Historically, a party’s legal costs for estate litigation were generally paid from the estate, rather than by the parties involved. However, the attitude of the court has changed significantly over the past few years. Any party involved in estate litigation can no longer expect that their costs will be paid out of the estate – instead, the “loser pays” system which operates in civil litigation is the general standard. In particular, in litigation regarding care and capacity of incapable persons, the “loser pays” rationale for ordering costs has become much more prevalent.

Relevant Decisions

In Fiacco v Lombardi, Justice Brown, laid out the factors to be considered for costs claims against the estates of deceased persons, as well as those in capacity litigation involving incapable persons. He has since repeated these remarks in a number of cases, no doubt attempting to ensure that his message, and its implications for litigants, are fully appreciated by estates lawyers (see Chu v Chang, Bennett v. Gotlibowicz).

The parties in Fiacco had been involved in lengthy litigation regarding the ongoing guardianship of their incapable mother. Each of the four parties sought payment of his or her respective legal costs out of their mother’s assets. In rejecting the parties’ requests, Justice Brown aimed to dispel the notion that a court will allow the assets of an incapable person to be used as an “ATM bank machine from which withdrawals automatically flow to fund their litigation”.  In doing so, Justice Brown relied on his own criticism of such assumptions in Salter v Salter, where the same issue arose with respect to costs sought out of the assets of an estate. A parent’s assets should not be used to fund such “sibling rivalries”.

As noted in Salter, while estate litigation is specialized, it is still a subset of civil litigation, and the general “loser pays” costs rule applies (subject to limited exceptions, for example, in McDougald Estate v Gooderham). As in other litigation, this principle is required to ensure that parties reasonably assess their own personal exposure to costs prior to engaging in emotionally-charged estate litigation with little chance of success.

As Fiacco illustrates, this principle applies equally to capacity litigation, and cost awards must also reflect the basic purpose of the Substitute Decisions Act: to protect the property of an incapable person and ensure it is managed wisely to support the needs of the incapable person in the future.

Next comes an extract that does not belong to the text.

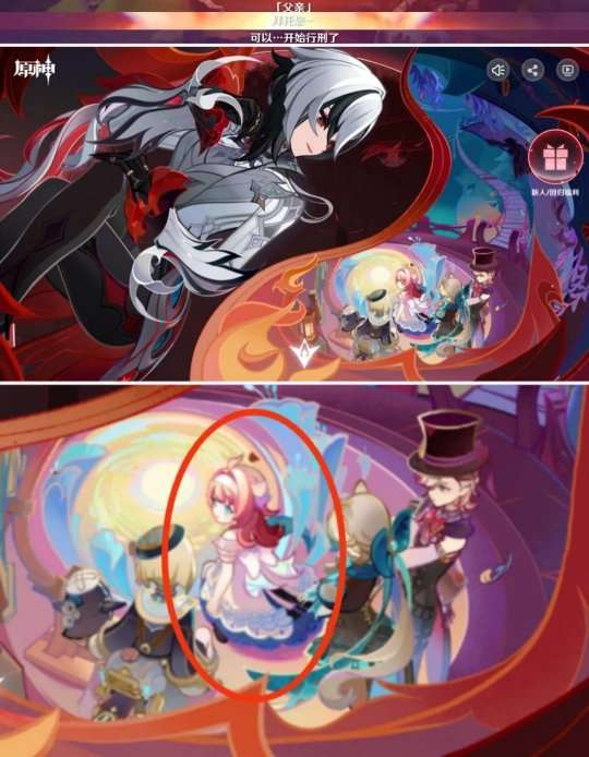 在4.6版本的先行展示页中就出现了这样一个符合条件的人,和林尼三兄妹站在一起的粉红发色的可爱少女,在「仆人」的注视之下,同时画面还构成了一种微妙的阴阳鱼形状,很有意思
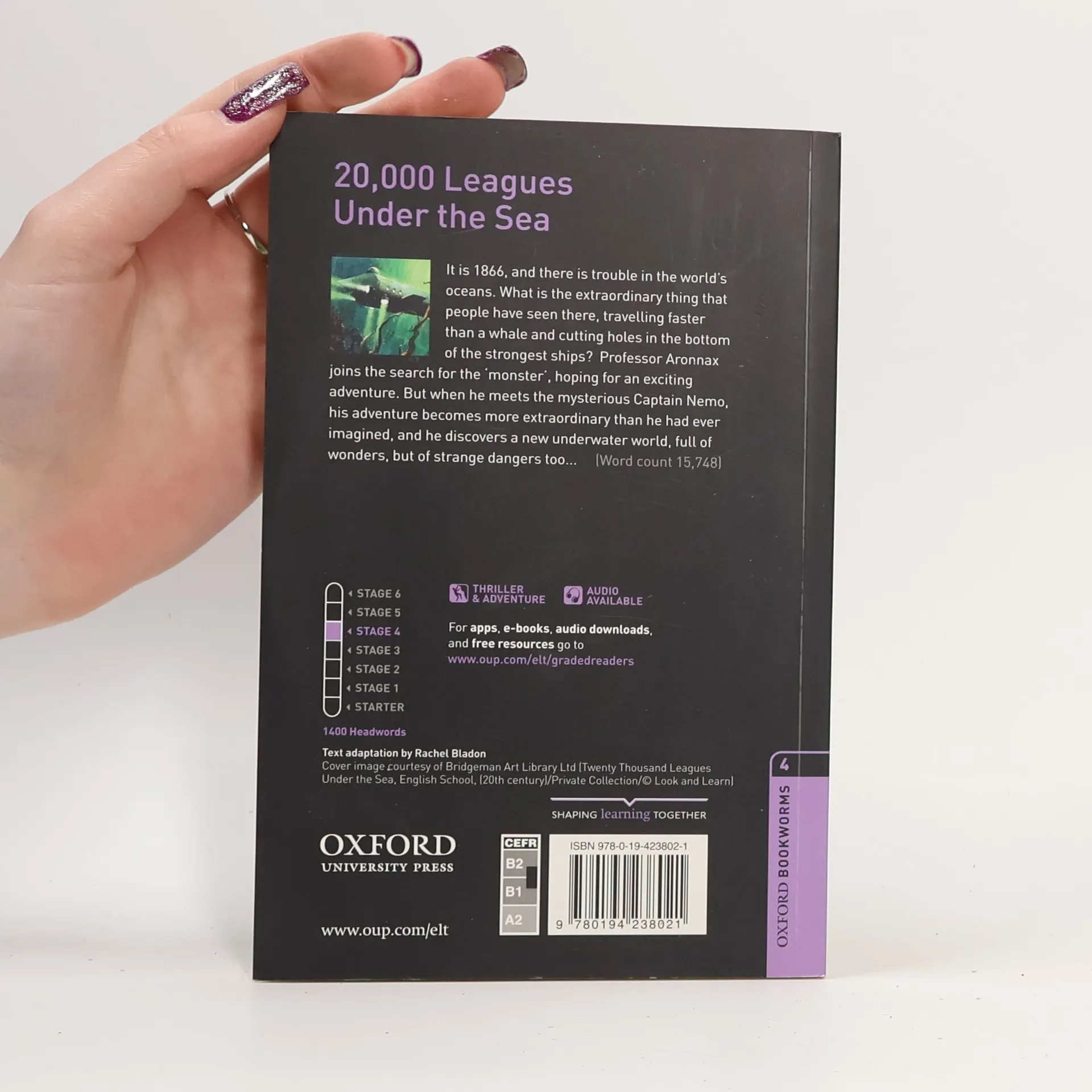 Classics, modern fiction, non-fiction and more. Written for secondary and adult students the Oxford Bookworms Library has seven reading levels from A1-C1 of the CEFR.It is 1866, and there is trouble in the world's oceans. What is the extraordinary thing that people have seen there, travelling faster than a whale and cutting holes in the bottom of the strongest ships? Dr Aronnax joins the search for the 'monster', hoping for an exciting adventure. But when he meets the mysterious Captain Nemo, his adventure becomes more extraordinary than he had ever imagined, and he discovers a new underwater world, full of wonders, but of strange dangers too...

So what factors should a court consider when one or more of the parties seek to have their legal costs payable from the incapable person’s assets? According to Justice Brown:

“When faced with a claim for costs against the assets of an incapable person, the court must examine what, if any, benefit the incapable person derived from the legal work which generated the costs.”

In most cases where an application for guardianship is unopposed, the incapable person will have derived a benefit, as presumably their property will now be appropriately managed. In such a case, the only issue would likely be the reasonableness of the legal costs claimed.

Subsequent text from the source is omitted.